The purpose of this study was to investigate the relationship between viscoelastic properties of uninjured Achilles tendons, age and sex, after adjusting for BMI and physical activity level. We found that there was a significant interaction between age and sex for shear modulus, indicating that the relationship between age and shear modulus was dependent on sex. There was a negative relationship between age and shear modulus for females and no relationship for males. In the regression model for viscosity, there was no interaction between age and sex, and there was a positive relationship between age and viscosity.

In this study we chose to adjust for physical activity level and BMI, which have been shown to influence tendon structure and mechanical properties. Tendons are mechanosensitive, responding to loading with increased collagen synthesis and tendon remodeling.24 Previous studies in the Achilles and patellar tendons have demonstrated that strength training and habitual physical activity, such as running, results in increased stiffness and Young’s modulus.2527 Greater BMI may influence tendon mechanical properties in a couple ways. First, since these individuals are heavier, they subject their tendons to greater loads during daily activities, especially in weight-bearing tendons.28 Second, higher BMI is associated with greater adiposity and several systemic conditions, such as diabetes and high cholesterol, which may alter mechanical properties directly or through medications for their treatment.29,30 Therefore, it was critical to adjust for these factors to isolate the effects of sex and age on tendon mechanical properties.

Previous in-vitro and in-vivo studies of human tendon mechanical properties found no changes or reduced mechanical properties with aging.1116 However, these studies have utilized measures of stiffness, Young’s modulus, or correlates, such as shear wave speed, and have not examined shear modulus or viscosity.

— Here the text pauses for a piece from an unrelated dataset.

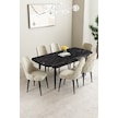 Mabel Siyah Mermer Desen 80x132 Açılabilir Yemek Odası Takımı 6 Adet Sandalye Krem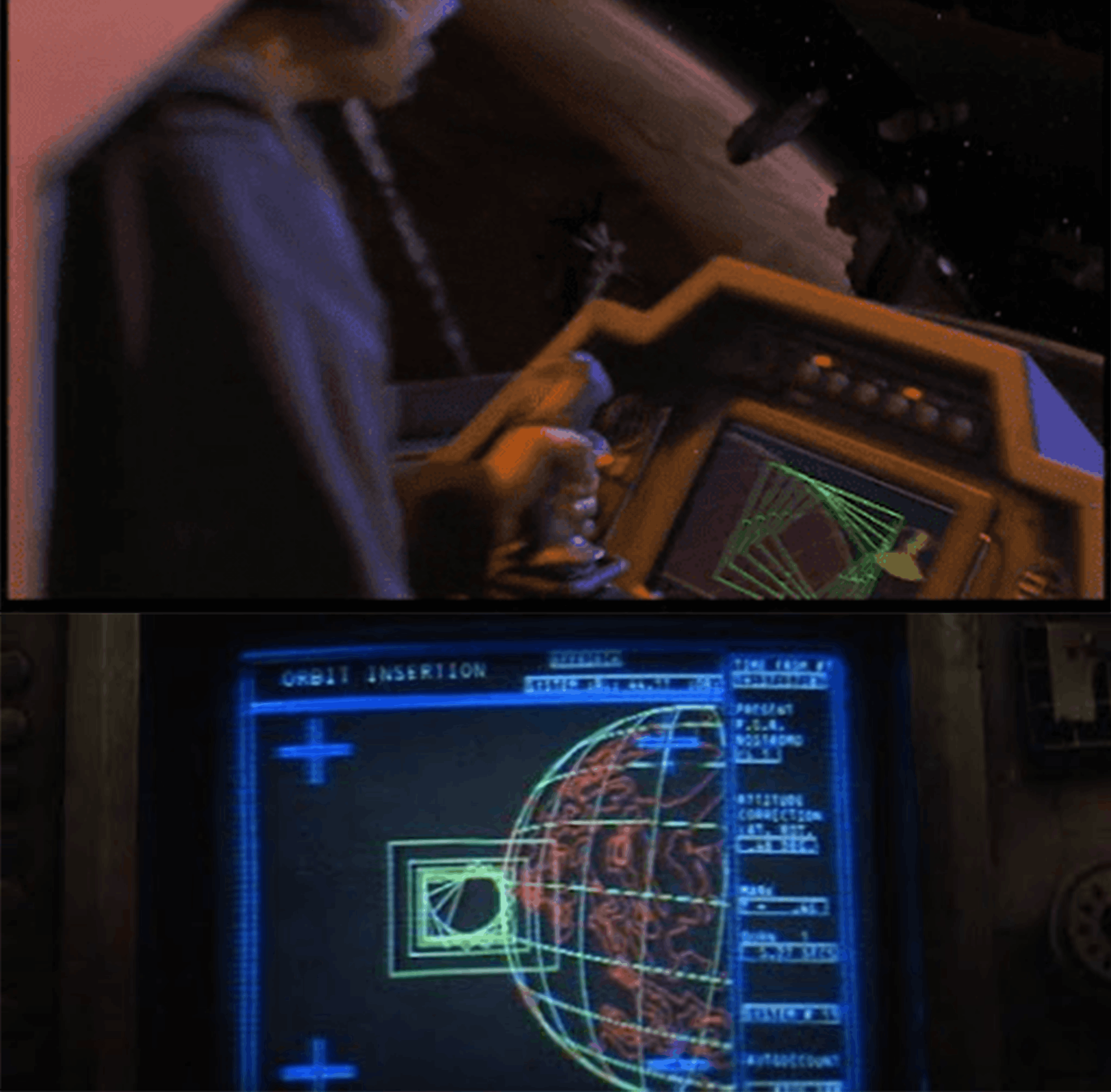 Еще более забавной выглядит система навигации для пилотов: наложенный на экран набор зеленых прямоугольников, скручивающихся друг относительно друга, в зависимости от состояния полёта и расположения небесных тел вокруг корабля. Они обеспечивают пилоту идеальную траекторию, когда он уже приближается к земле. Совершенно непонятно, как это работает, да и в реальном мире интерфейсы-прямоугольники не используются!

Our results suggest that influence of aging on shear modulus differs for men and women, with shear modulus declining with age in females but remaining relatively unchanged in males. Estradiol, the primary female sex hormone, has an inhibitory effect on collagen synthesis in response to exercise, which may partially explain the sex specific response to aging.17 We theorize that as a result of this reduced collagen synthesis capacity, women may be less capable of maintaining tendon homeostasis, leading to a gradual decline in mechanical properties. There is some evidence to suggest that collagen synthesis capacity improves after menopause, once the inhibitory effect of estradiol is reduced.31 Magnusson et al. found that post-menopausal women have greater Achilles tendon cross-sectional area than pre-menopausal women, even though they load their tendons less.31 Menopause typically occurs during the 5th decade of life.32 Relatively few of the women included in this study were greater than 50 years old (11/48, 23%) and the number of women who had reached menopause is unknown. Therefore, we were not able to determine whether this relationship between age and shear modulus is maintained after menopause and this relationship requires further investigation.

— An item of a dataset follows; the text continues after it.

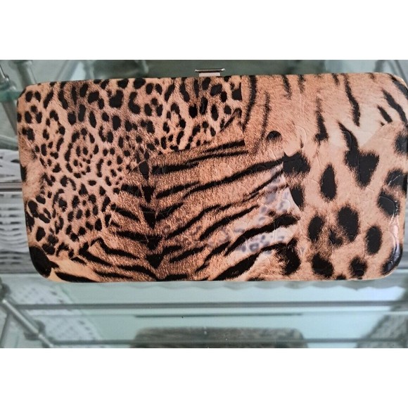 Animal Print Hard Case Wallet Credit Card Slots Tan Cheeta, Leopard, Zebra Print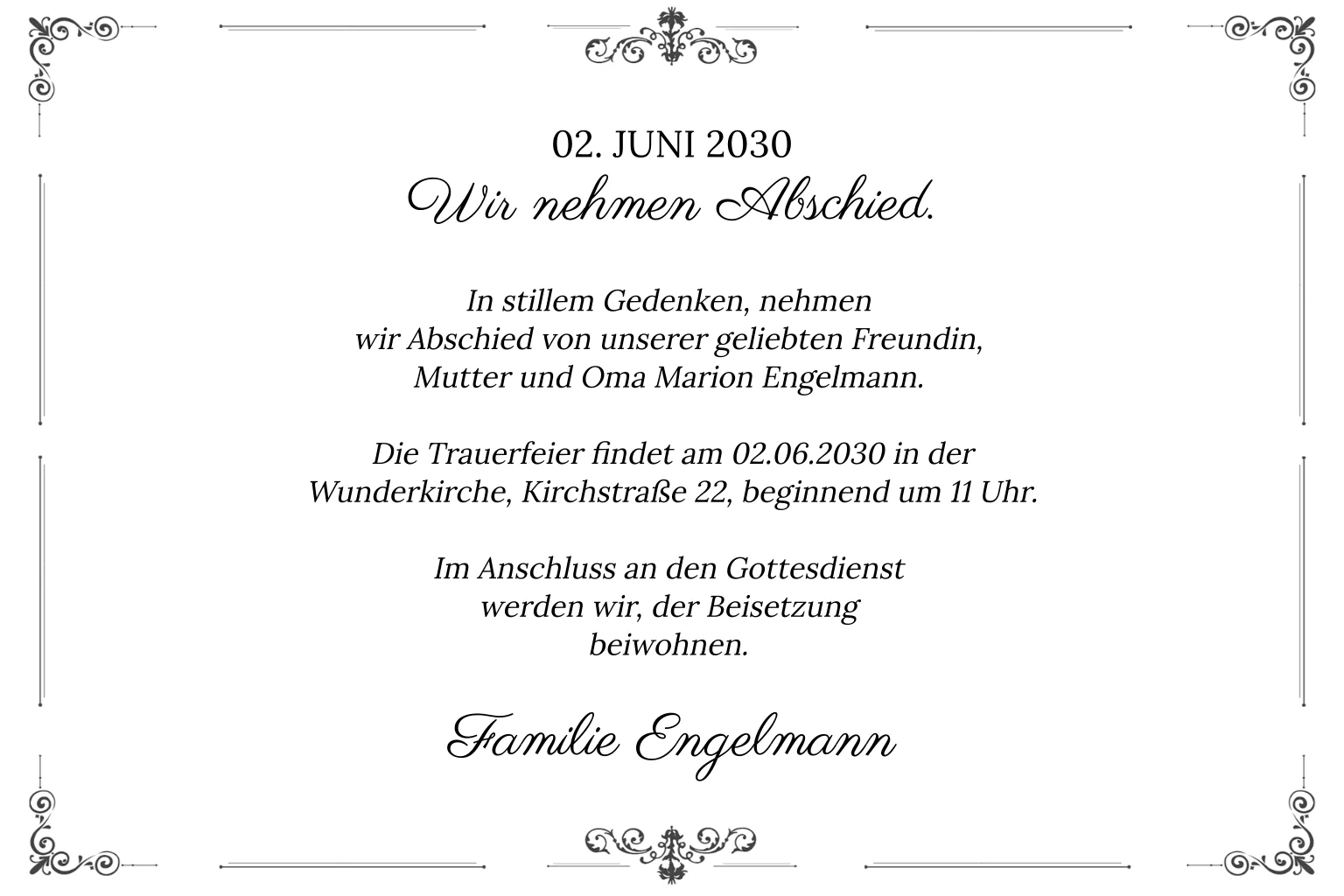 Einladungskarten Trauerfeier

To our knowledge, this is the first study to directly investigate the effect of aging on tendon viscosity. We found a positive relationship between age and viscosity, which was not dependent on sex, indicating that viscosity increases with age. The viscosity of the tendon is likely influenced by the water content in the tendon. A decrease in water content has been reported to occur with aging and could be a reason for the increase in viscosity with age seen in this study.33 Advanced glycolytic end-products (AGEs) accumulate with age, especially in tissues with slow collagen turnover, such as tendon.33 AGEs form cross-links between collagen fibers, which contribute to dehydration of collagen fibers and reduced water content.29,34 Furthermore, animal studies have demonstrated a decrease in proteoglycans within the tendon with age, which further contributes to reduced water content.33 AGEs can also form cross-links in the collagen of tendons proposed to increase the stiffness of the tendon and that might also account for the increased viscosity with age.29 The risk of tendon injuries increases with age however,35 in this study the relationship between age and viscosity is the opposite of what we have observed in injured Achilles tendons, where viscosity is reduced.19,36 Further study is needed to determine how viscosity can be used for evaluating injury severity and response to mechanical loading.

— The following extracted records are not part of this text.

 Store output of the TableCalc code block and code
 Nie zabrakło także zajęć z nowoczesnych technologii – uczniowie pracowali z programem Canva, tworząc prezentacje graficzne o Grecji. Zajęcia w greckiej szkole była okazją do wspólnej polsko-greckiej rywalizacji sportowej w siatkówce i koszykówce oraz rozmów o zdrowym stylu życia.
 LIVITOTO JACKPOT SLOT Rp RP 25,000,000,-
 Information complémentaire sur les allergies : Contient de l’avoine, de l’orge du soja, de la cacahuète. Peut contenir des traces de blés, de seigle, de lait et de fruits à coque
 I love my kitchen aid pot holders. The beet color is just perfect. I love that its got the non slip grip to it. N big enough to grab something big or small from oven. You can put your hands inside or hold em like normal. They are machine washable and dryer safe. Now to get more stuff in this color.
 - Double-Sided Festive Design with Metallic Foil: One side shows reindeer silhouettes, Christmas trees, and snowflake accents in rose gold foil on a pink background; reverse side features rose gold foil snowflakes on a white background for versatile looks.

Studying the effects of aging on tendon mechanical properties has been challenging, since prior methods for assessing mechanical properties in-vivo have relied on muscle contraction.37 Since strength often decreases with age, alterations in mechanical properties in prior studies may reflect decreased force or torque output rather than changes within the tendon. This limitation can be negated to a certain extent by normalizing to the maximal common force or torque across participants. However, this method may underestimate mechanical properties.38 In this study, we utilized cSWE, which is not reliant on muscle contraction, thereby eliminating the confounding factor of muscle strength.19 Additionally, the method has the advantage of providing multiple measures of tendon mechanical properties, shear modulus and viscosity.19 Shear modulus is obtainable from commercial elastography systems but viscosity is not. The diverging relationships between these two properties and age suggests that they may be measuring different aspects of tendon changes, which may provide a more nuanced representation of tendon health and response to injury.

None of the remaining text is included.